◆ TASK MATERIAL ◆
######

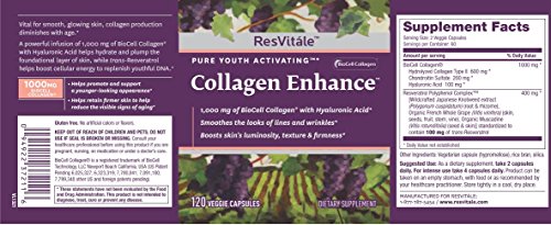 1,000 mg of BioCell Collagen with Hyaluronic Acid – Smoothes the looks of lines and wrinkles – Boosts skins luminosity, texture firmness Vital for smooth, glowing skin, collagen production diminishes with age. You cant stop time, but you can make it less visible. Give your skin a workout from the inside out with this skin-supporting beauty breakthrough. A powerful infusion of 1,000 mg of BioCell Collagen with Hyaluronic Acid helps hydrate and plump the foundational layer of skin, while trans-Resveratrol boosts cellular energy to replenish youthful DNA. The Art ResVitle introduces Vinologie harnessing the nature of the vineyard to protect youthful radiance. Rich in French heritage, the vineyard in combination with wild crafted Polygonum cuspidatum possesses the finest Resveratrol ResVitles devotion to agelessness begins here. The Benefits For radiance and tone, BioCell Collagen uses hyaluronic acid and chondroitin to plump and reduce the appearance of lines and wrinkles from within while replenishing lost collagen. The Proof BioCell Collagen has been shown to boost skins luminosity, texture and firmness. Research indicates that Resveratrol may help increase cellular longevity. Reactivate Your Ageless Self – ResVitle embraces youth and supports unparalleled protection against the effects of aging. Innovation is our trademark, we deliver the latest youth promoting technology to you.
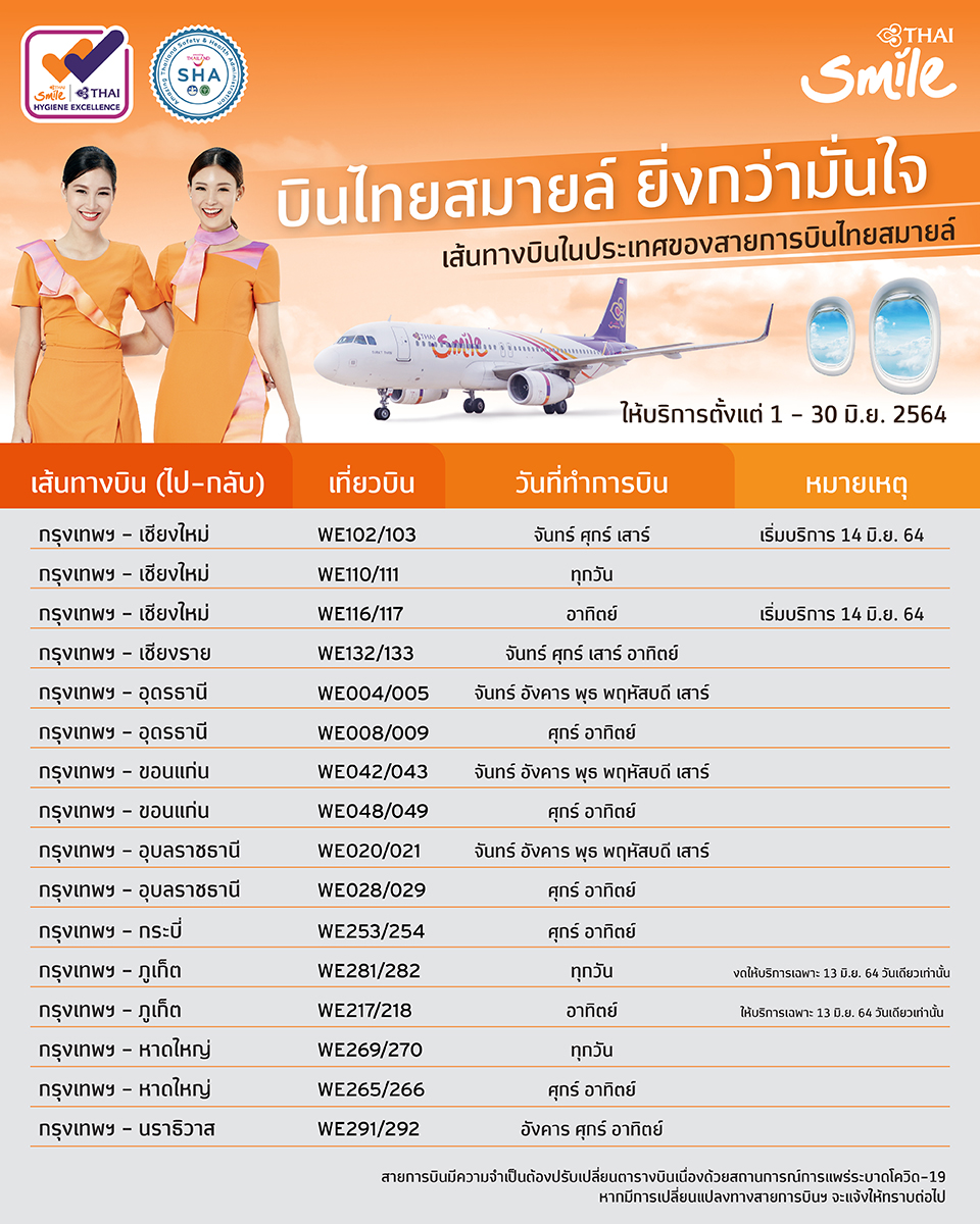 โดยสายการบินไทยสมายล์ จำเป็นต้องมีการเปลี่ยนแปลงเที่ยวบินเป็นการชั่วคราว เพื่อให้สอดคล้องกับสถานการณ์ที่เกิดขึ้น ตั้งแต่วันที่ 1-30 มิถุนายน 2564 หรือจนกว่าจะมีการเปลี่ยนแปลง โดยมีรายละเอียด ดังนี้
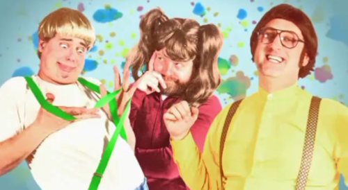 Despite his outfit, Zach is the most masculine of the three. Tim and Eric have bowlcuts (the most neutered of hairstyles) and have smooth, soccer-mom like makeup on their skin. This is a classic Tim and Eric theme: copious amounts of naively applied makeup, only serving to magnify ugliness. They wear enormous pants that erase the idea of a penis.
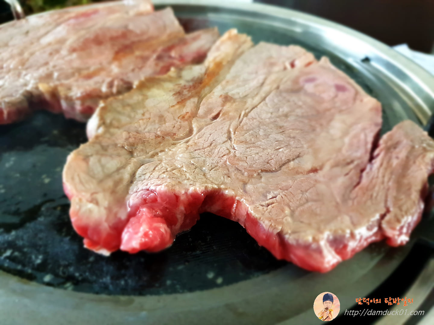 두 덩이를 올려놓으니까 불판이 가득 찼어요.
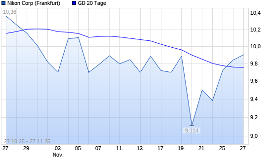 Mit dem Anstieg auf 9,84 EUR hat die Nikon-Aktie am 26.11.2025 die 20-Tage-Linie nach oben gekreuzt.Die Nikon-Aktie befindet sich seit dem 21.11.2025 im langfristigen Aufwärtstrend und hat in ...weiterlesen
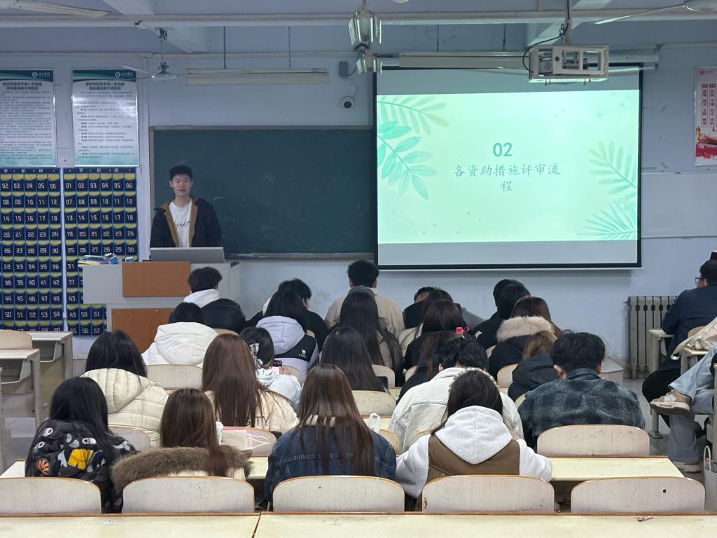班会中,青志部负责人围绕国家助学贷款、国家奖助学金、勤工助学、困难补助、学费减免及校内各项资助措施,进行了全面细致的政策解读。从申请条件的精准界定,到评审流程的规范步骤,再到资金发放与管理的具体要求,通过案例讲解、政策条文拆解等方式,确保每一位学生都能清晰掌握核心内容,让国家资助政策真正做到入脑入心,帮助家庭经济困难学生打消顾虑、安心求学。
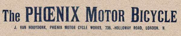 J. Van Hooydonk, Phoenix Motor Cycle Works, 736, Holloway Road, London N.

######

Return exactly the line containing "Despite his outfit, Zach" and every line after it, up to and including the final line of the entries above. Pictures stay out.

◆ SOLUTION BELOW ◆
 Despite his outfit, Zach is the most masculine of the three. Tim and Eric have bowlcuts (the most neutered of hairstyles) and have smooth, soccer-mom like makeup on their skin. This is a classic Tim and Eric theme: copious amounts of naively applied makeup, only serving to magnify ugliness. They wear enormous pants that erase the idea of a penis.
 두 덩이를 올려놓으니까 불판이 가득 찼어요.
 Mit dem Anstieg auf 9,84 EUR hat die Nikon-Aktie am 26.11.2025 die 20-Tage-Linie nach oben gekreuzt.Die Nikon-Aktie befindet sich seit dem 21.11.2025 im langfristigen Aufwärtstrend und hat in ...weiterlesen
班会中,青志部负责人围绕国家助学贷款、国家奖助学金、勤工助学、困难补助、学费减免及校内各项资助措施,进行了全面细致的政策解读。从申请条件的精准界定,到评审流程的规范步骤,再到资金发放与管理的具体要求,通过案例讲解、政策条文拆解等方式,确保每一位学生都能清晰掌握核心内容,让国家资助政策真正做到入脑入心,帮助家庭经济困难学生打消顾虑、安心求学。
 J. Van Hooydonk, Phoenix Motor Cycle Works, 736, Holloway Road, London N.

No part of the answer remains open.